ABOUT THIS TASK: Beneath this sentence is a listing. Return its lines from the one containing "Ну да, в Калужской" through the last, exactly, and omit the pictures.
--- SOURCE RECORDS Enclosed Below ---
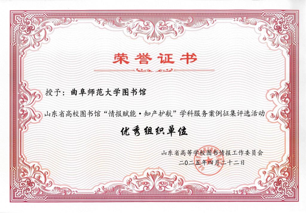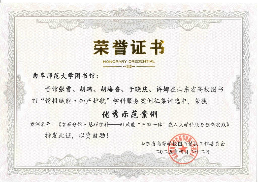 曲阜师大图书馆讯 4月22日,山东省高校图书馆学科服务工作研讨会在中国海洋大学隆重举行。曲阜师大图书馆凭借"智嵌分馆·慧联学科——AI赋能'三维一体'嵌入式学科服务创新实践"项目,在众多参评案例中脱颖而出,荣获"优秀示范案例",米兰网获评"优秀组织单位"。
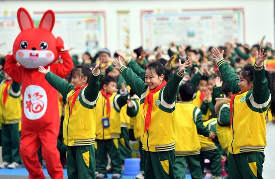 2月6日,在四川省南充市蓬安县实验小学开学典礼上,学生跳起兔子舞喜迎新学期。当日,全国多地迎来2023年春季学期开学。刘永红/摄(新华社发)
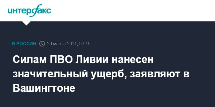 Вашингтон. 20 марта. ИНТЕРФАКС - Ливийская инфраструктура ПВО серьезно повреждена в результате ударов, нанесенных коалиционными силами, сообщил представитель министерства внутренней безопасности США.
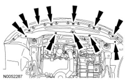 7. Position the transaxle in place and install the 7 torque converter housing bolts.
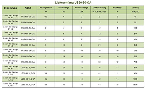Calorique Infrarot Heizfolie Elektrische Fußbodenheizung 50 cm Set 90 W/m² 1,0 m²Description : Elektrische Fußbodenheizung Set
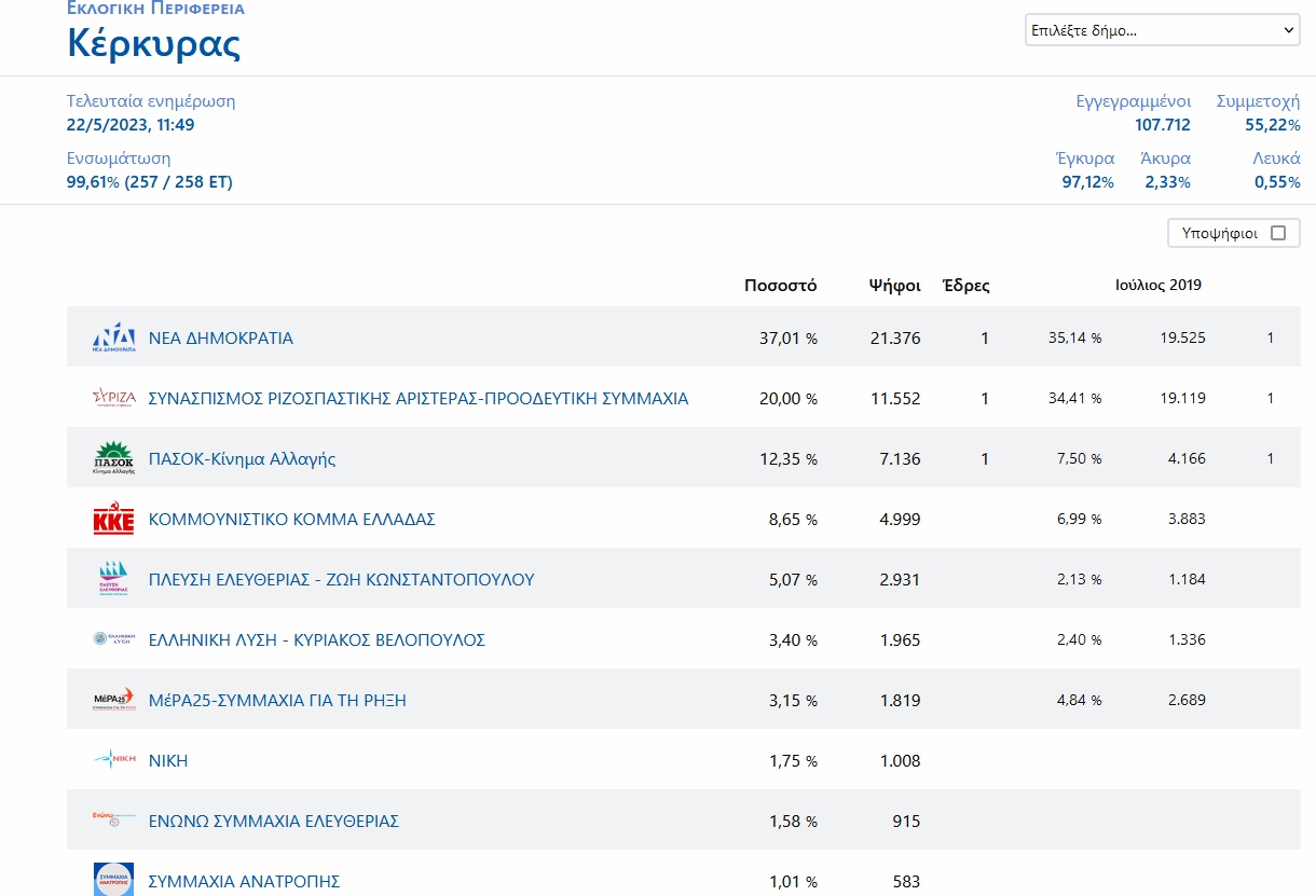 Πολύ κοντά στο πανελλαδικό αποτέλεσμα ήταν το εκλογικό αποτέλεσμα και στην Κέρκυρα, όσον αφορά τη “¨μονομαχία” των δύο πρώτων κομμάτων.
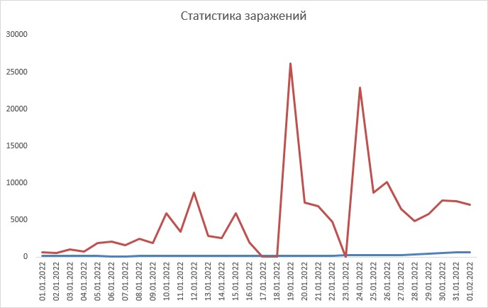 Ну да, в Калужской области тишь да гладь (синяя линия - КО, красная - Израиль в пересчёте на миллион населения):
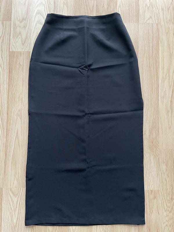 Черная приталенная юбка с размером сбоку, ткань костюмная, застежка на молнии, по талии 35 см, по бедер 50, длина 92 см
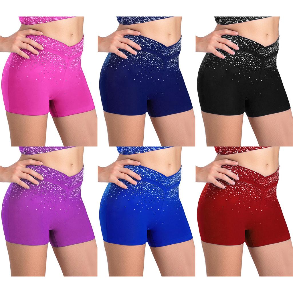 Kids Performance Shorts with Sparkling Rhinestones V-Front Elastic Waistband for Dance Gymnastics
--- End of Enclosed SOURCE RECORDS ---
SOLUTION FOR THIS EXERCISE:
 Ну да, в Калужской области тишь да гладь (синяя линия - КО, красная - Израиль в пересчёте на миллион населения):
 Черная приталенная юбка с размером сбоку, ткань костюмная, застежка на молнии, по талии 35 см, по бедер 50, длина 92 см
 Kids Performance Shorts with Sparkling Rhinestones V-Front Elastic Waistband for Dance Gymnastics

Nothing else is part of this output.